Three immigrant brothers sentenced to life in prison for plotting to kill U.S. soldiers at Fort Dix will not have their life sentences overturned.
U.S. District Judge Robert Kugler said in his ruling made public Tuesday that he didn’t buy the arguments from Dritan, Eljvir and Shain Duka that they were wrongly convicted in 2008 because their lawyers kept them from testifying.
Kugler ruled Friday that he found testimony from their defense attorneys at a January hearing more credible.
The Albanian-born brothers were convicted with two others of plotting an attack at military sites at Fort Dix in New Jersey and elsewhere. Supporters believe the FBI entrapped them and exaggerated the case, but the Dukas have exhausted their appeals.
Dritan “Tony” Duka, 37, said at a January hearing that his lawyer thought he would come across as a Muslim extremist and therefore didn’t put him on the stand.
Their trial lawyers denied the accusations and testified for the government.
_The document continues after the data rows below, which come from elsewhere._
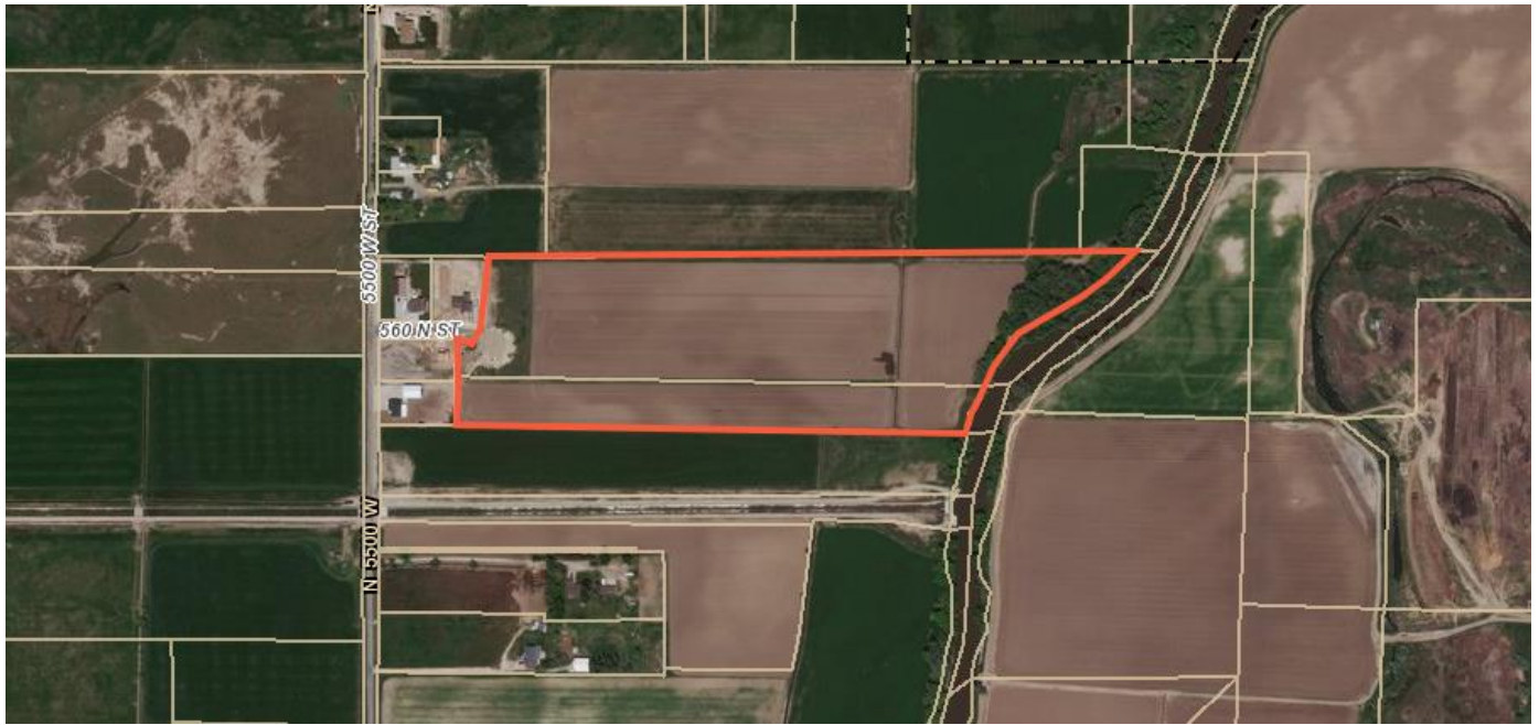
Exhibit A - Subdivision Plat
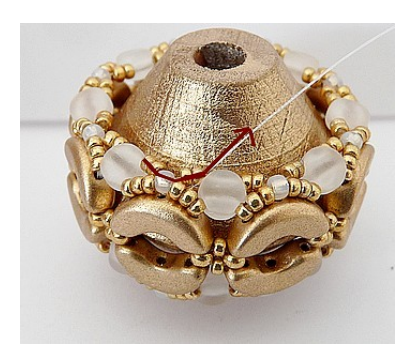
16) You'll now have this Exit like picture through the 2 R15
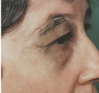
Figure 10: Orbital defect with magnets and Prosthesis in situ.<sup>[13]</sup>
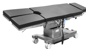
Lateral Tilt Left 0°-15°
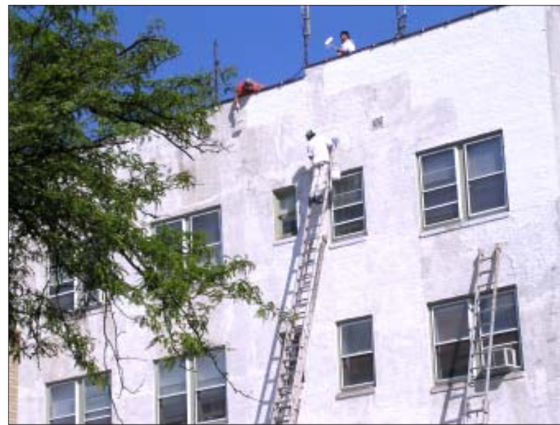
A LOT OF PAINT... The south side of the four story building on Elm Street was painted on Sunday. It took 30 gallons of paint and two days to paint the one side of the building according to painter Thomas Anastasiou.

Check Us Out on the Web: www.goleader.com!
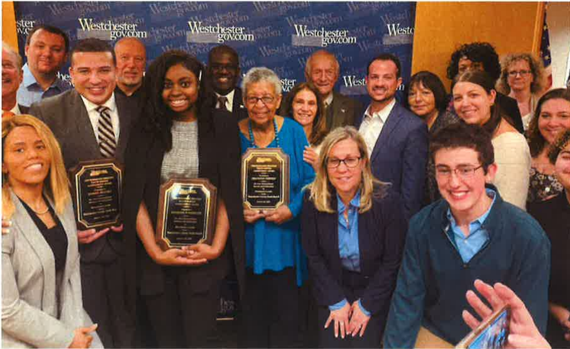
Winners and Attendees at Siragusa Awards
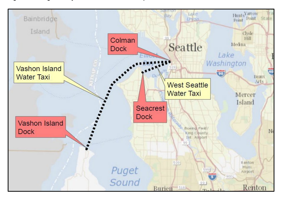
Figure 3: King County Water Taxi Route Map

In 2019, King County's Water Taxi provided service for over 700,000 passengers (prepandemic) system-wide. Water taxi ridership declined with the pandemic, as did ridership on other Metro services, but is recovering. As of September 2022, there were more than 334,000 boardings in 2022.
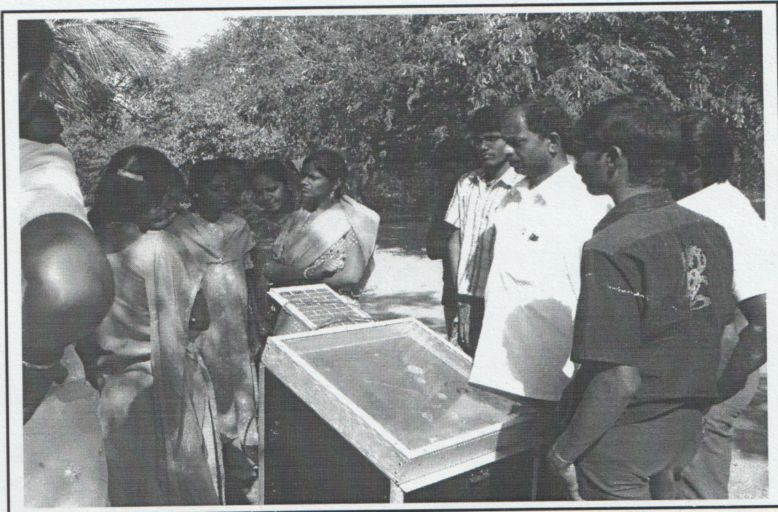
Solar drier a novelty for the college students
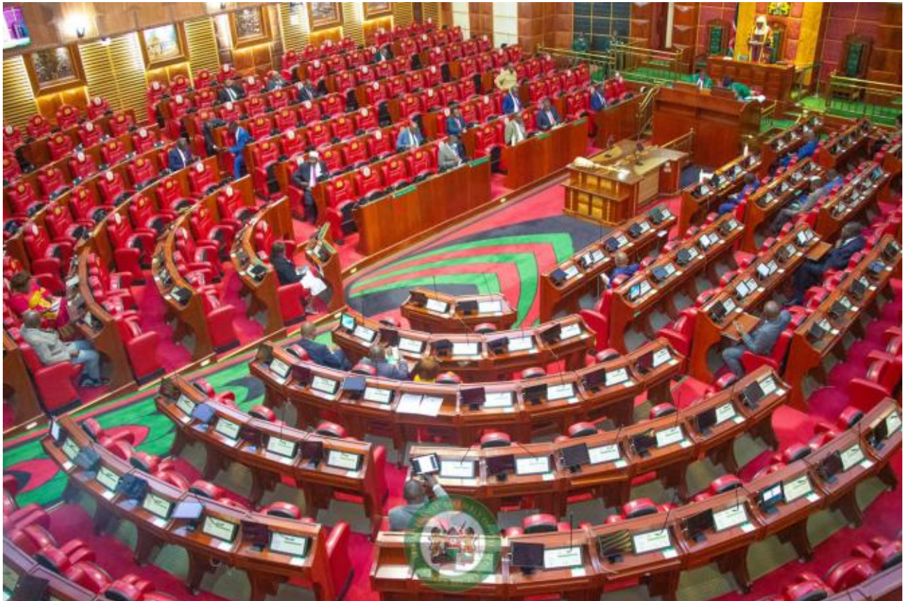
A sitting of the House in progress

Debates in Parliament are regulated by the Rules of Procedure which are formulated in accordance with Article 124 of the Constitution. For the orderly conduct of business before the House, Members are expected to observe the following aspects of debate -
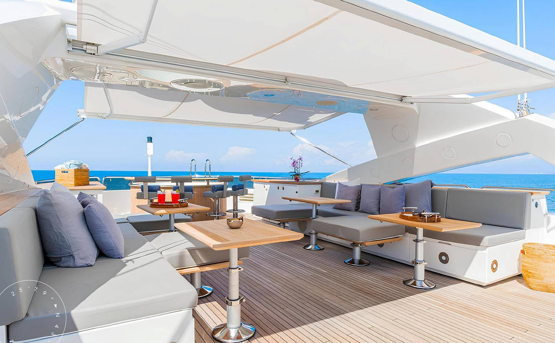
SUNDECK DINING AREA
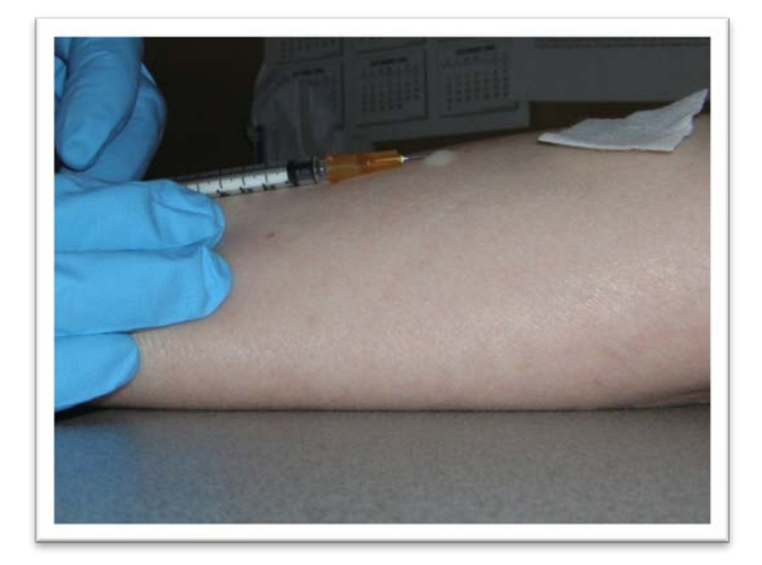
Figure 1. Technique of administration of TST
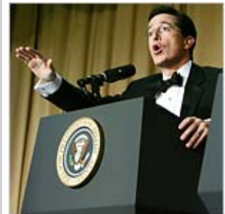
Blogsphere Is Alive With Colbert Chatter
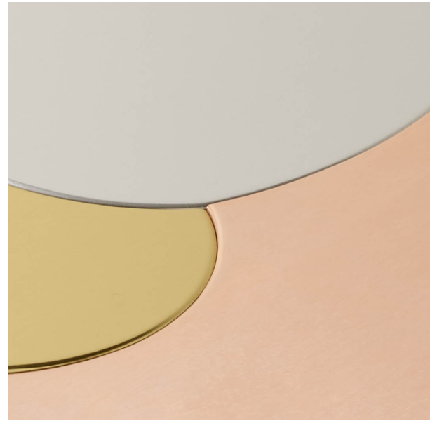
POLISHED ANODISED ALUMINIUM

WALNUT, A SOLID WOOD MATERIAL, NATURALLY REACTS TO FLUCTUATIONS IN TEMPERATURE AND HUMIDITY, CAUSING IT TO EXPAND AND CONTRACT. AS A RESULT, IT IS NORMAL TO ENCOUNTER VARIATIONS IN GRAIN PATTERNS, COLORS, AND TEXTURES, AS THESE CHARACTERISTICS ARE INTRINSIC TO THE WOOD.
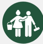
Clean Up Crew
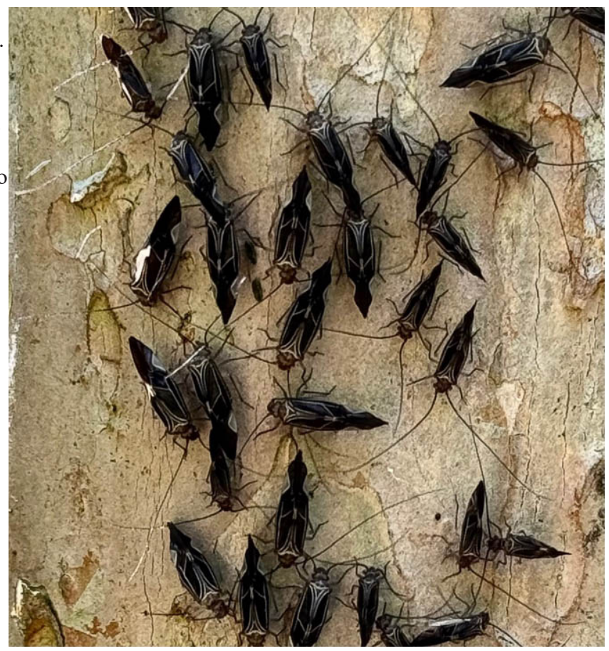
Barklice adults were found on the trunk of crape myrtle.

Nancy Woods found barklice ( Cerastipsocus venosus ) on her crape myrtle a few weeks ago. These Psocids show up in hot humid weather, usually after a rain incidence. They feed on lichens, decaying organic matter, dead insects, molds, fungi, and pollen. At times, they show up in large numbers on tree trunks. Barklice do not feed on living plant material, so control is not necessary.

Dritan Duka’s trial lawyer, Michael Huff, said he feared his client’s desire to express religious views and his suspicion that the Sept. 11, 2001, terrorist attacks might be “an inside job, in order to persecute Muslims” would prove damaging.
Huff, along with fellow trial lawyers Troy Archie and Michael Riley, said they worked vigorously on the case and were prepared to put their clients on the stand, if it came to that.
The Dukas have been in prison since May 2007.
The case has been cited by Republican New Jersey Gov. Chris Christie as one of the two “biggest terrorism cases in the world” during his time as U.S. Attorney. But critics believe an FBI informant entrapped the men and say the sentence reflects overzealous efforts to protect the country after the 2001 terrorist attacks.
The men were charged in 2007 with conspiring to kill U.S. military personnel at Fort Dix. (A sixth was charged with weapons offenses.) Authorities had been alerted initially after a store clerk saw a video of the men shooting guns at a firing range and yelling “Allahu Akbar,” or “God is great.” Jurors heard hours of secretly recorded audio that included one defendant saying how they could “kill at least 100 soldiers by using rocket-propelled grenades.”
Defense attorneys at trial claimed the men may have made anti-American statements but had no plans to attack anything until paid informant Mahmoud Omar infiltrated the group and spent months goading and manipulating them.